The best performing text classifier is the LLM embeddings as they understand context. The newer one also outperforms the older one as mentioned -  the f1 score for OAI 3-small is 0.94 and for OAI ada-002 is 0.92. Interesingly, the TFIDF(1,1) outperformed GloVe and W2V which are more complex. Potential driver is that specific key words may predict better when it comes to a more basic sentimental analysis. Therefore, the more complex classifiers are having trouble when averaging 2 words which may contain both positive/negative and neutral sentiment. The worst performer is the TF-IDF Bigrams.

In [None]:
#Trying a different classifier - Decision Tree

from sklearn.tree import DecisionTreeClassifier
from sklearn.metrics import accuracy_score, precision_score, recall_score, f1_score

def evaluate_decision_tree(name, X_train, X_test, y_train, y_test):
    #max_depth=50 helps prevent the tree from over-memorizing the training data
    dt = DecisionTreeClassifier(random_state=0, max_depth=50)
    dt.fit(X_train, y_train)

    yp = dt.predict(X_test)

    print(f"--- {name} (Decision Tree) ---")
    print(f"Accuracy:  {accuracy_score(y_test, yp):.4f}")
    print(f"Precision: {precision_score(y_test, yp, zero_division=0):.4f}")
    print(f"Recall:    {recall_score(y_test, yp, zero_division=0):.4f}")
    print(f"F1 Score:  {f1_score(y_test, yp, zero_division=0):.4f}\n")
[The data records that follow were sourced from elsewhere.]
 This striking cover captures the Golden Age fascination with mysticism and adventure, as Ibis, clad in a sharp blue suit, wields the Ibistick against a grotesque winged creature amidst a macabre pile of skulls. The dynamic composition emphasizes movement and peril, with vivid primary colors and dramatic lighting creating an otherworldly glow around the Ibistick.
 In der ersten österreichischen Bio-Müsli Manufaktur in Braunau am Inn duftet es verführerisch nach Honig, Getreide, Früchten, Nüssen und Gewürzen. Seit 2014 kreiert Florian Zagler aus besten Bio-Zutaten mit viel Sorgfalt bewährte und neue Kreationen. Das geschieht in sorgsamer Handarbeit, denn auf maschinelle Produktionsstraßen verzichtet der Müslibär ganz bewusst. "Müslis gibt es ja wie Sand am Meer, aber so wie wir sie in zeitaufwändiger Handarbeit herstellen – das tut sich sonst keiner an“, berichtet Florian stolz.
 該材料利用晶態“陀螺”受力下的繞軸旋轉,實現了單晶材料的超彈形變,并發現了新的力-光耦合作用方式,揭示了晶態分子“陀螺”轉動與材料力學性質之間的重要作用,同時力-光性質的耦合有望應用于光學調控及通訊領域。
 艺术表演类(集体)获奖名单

#Here we apply the function to our already existing variables

#TF-IDF Unigrams
evaluate_decision_tree("TF-IDF (1,1)", Xtr1, Xte1, y_train, y_test)

#LSA
evaluate_decision_tree("LSA (SVD)", Xtr_s, Xte_s, y_train, y_test)

#Word2Vec
evaluate_decision_tree("Word2Vec", Xtr_w2v, Xte_w2v, y_train, y_test)

#OpenAI Embeddings
if 'Etr2' in globals():
    evaluate_decision_tree("OpenAI 3-small", Etr2, Ete2, y_train, y_test)
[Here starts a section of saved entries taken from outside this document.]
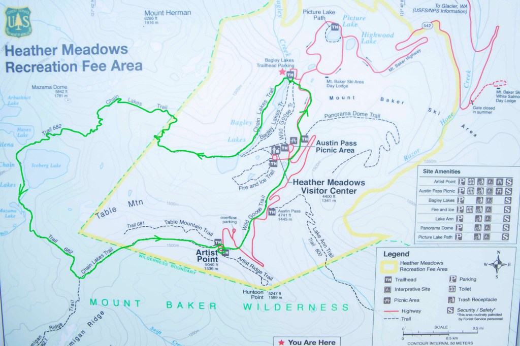 Zaczynamy jak zawsze o świcie naszą wielką przygodę ze stanem Washington. Droga Mount Baker scenic byway (#542) jest na szczęście otwarta (chciaż nie do samego końca, ze względu na olbrzymie połacia śniegu zalegające w najwyżej położonej jej części). Dojeżdżamy do parkingu przy Heather Meadows Base Area (zamiast Heather Meadows Visitor Center). Przy drodze widoczny jest znak informujący, że droga jest zamknięta za 0.7 mili. Nie przyszło mi jakoś wtedy do głowy, żeby podjechać dalej przez co dodaliśmy sobie ponad 1.5 mili pieszej wędrówki….. Byliśmy tak zaoferowani widokami dookoła, że poprostu zaparkowaliśmy na pierwszym możliwym miejscu, spakowaliśmy manatki – (jak się później okaże zbyt duże) i ruszyliśmy z kopyta na pętelkę Chain Lakes.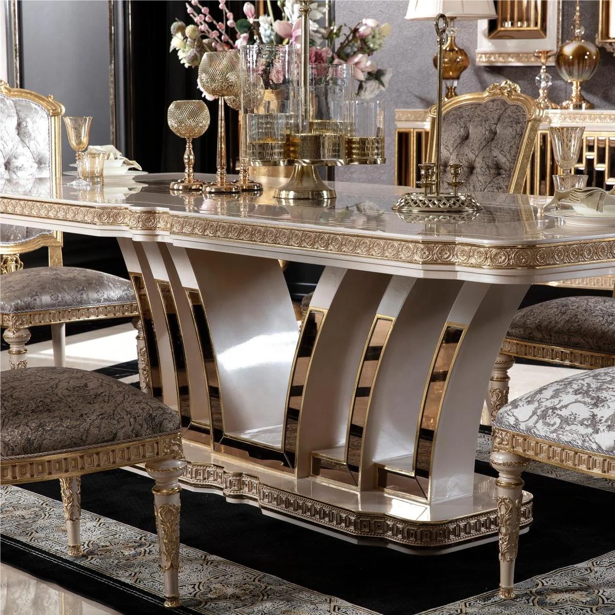 Викторианский новый классический стиль под заказ мраморный верх из нержавеющей стали столовый набор обеденный стол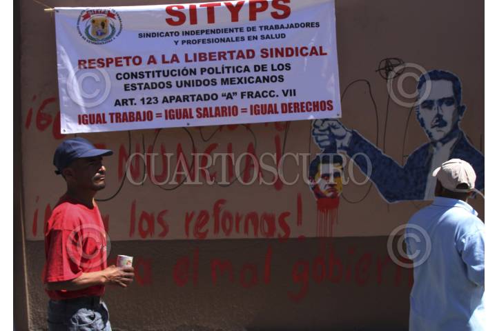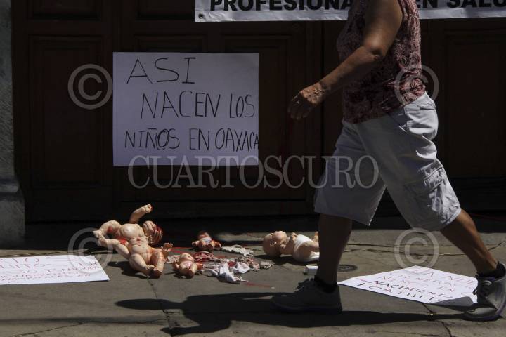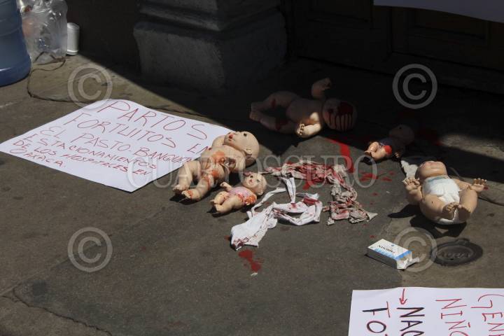 OAXACA, OAXACA, 18FEBRERO2014.- Empleados del Sindicato Independiente de Trabajadores y Profesionales en Salud protestaron este día en contra del secretario de Salud, Germán Tenorio Vasconcelos por los malos manejos que ha tenido de la dependencia estatal. Durante la manifestación arrojaron en la banqueta muñecos y aseveraron "así es como nacen los bebes en Oaxaca". FOTO: ARTURO PÉREZ ALFONSO /CUARTOSCURO.COM

--- TF-IDF (1,1) (Decision Tree) ---
Accuracy:  0.7056
Precision: 0.6997
Recall:    0.7286
F1 Score:  0.7138

--- LSA (SVD) (Decision Tree) ---
Accuracy:  0.7280
Precision: 0.7231
Recall:    0.7460
F1 Score:  0.7344

--- Word2Vec (Decision Tree) ---
Accuracy:  0.6464
Precision: 0.6506
Recall:    0.6444
F1 Score:  0.6475

--- OpenAI 3-small (Decision Tree) ---
Accuracy:  0.7888
Precision: 0.7859
Recall:    0.7984
F1 Score:  0.7921



It can be seen that the decision tree classifier generated lower results across all measures compared to the logistic regression. The logistic regression looks at all features simultaneously to separate positive from negative. On the other hand, decision trees look at features one by one. It tries to separate the data, which is harder in high dimensions. Nevertheless, we see that the best results are again generated by the OpenAI embedding.